« Moi, j’ai toujours eu un faible pour Thil »
Lieu évoqué : Cité du Colonel Fabien, Thil.
« C’est vrai qu’à Thil, à la cité du Colonel Fabien, nous n’avons pas encore l’eau chaude et pour aller aux toilettes, nous traversons la rue pour les mieux lotis ; ou c’est le pot de chambre pour les autres. Pourtant, moi j’ai toujours eu un faible pour Thil. La vue sur les usines et le viaduc était imprenable depuis chez nous. Presque tout le monde a un jardin potager dans la cité. Aujourd’hui nous appellerions cela un jardin ouvrier. Nous, avec mon grand-père, on a deux potagers. Celui du haut, vers le bois et la ferme et celui du bas derrière les écuries. On a aussi un box dans les écuries où on élève les lapins et les poules. Pour nous autres, enfants, tout cela est un terrain de jeux extraordinaire.

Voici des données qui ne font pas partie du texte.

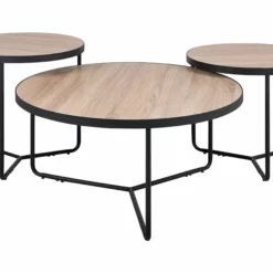 Tuo olohuoneeseesi luonnetta ja urbaania tunnelmaa näillä industriaalisen tyylin inspiroimilla sohvapöydillä. Niiden pyöreät, vaalean puun sävyiset pöytälevyt sopivat täydellisesti kynttilöiden, kasvien ja valokuvien esille panoon tai naposteltavien tarjoiluun. Mustaksi jauhemaalatut metallirungot takaavat vakauden tyylistä tinkimättä. Voit asettaa sohvapöydät yhteen upean kokonaisuuden luomiseksi, tai käyttää niitä erillään. Muotoilu ja neutraalit värit mahdollistavat pöydän sijoittamisen useisiin erilaisiin sisustuksiin, moderneista skandinaavisiin.

Il y a aussi la forêt tout proche avec ses mystères et ses dangers (Obus, balles, grenades, fusils, trous de mines et rampes de fusées, casemates). Thil, c’est la guerre des boutons tous les jours, avec le danger en plus. On joue aussi parfois sur les aires de jeux des grands. Il y a le jeu de quilles en béton derrière les écuries, et le jeu de boules dans le haut de la cité. L’été, quand les femmes discutent sur les chaises devant les maisons, les hommes jouent aux boules et boivent du mauvais vin, en jurant en italien. Ceux qui ne sont pas aux boules font une scopa sur un coin de table, dans la rue. Pour moi la France c’était cela, et ça devait être partout pareil. »
Patrick Ponzoni, Petite histoire lorraine en passant par Villerupt-Thil et Hussigny : la route du Nord Est, Editions Claire Lorrain, 2017. p. 18.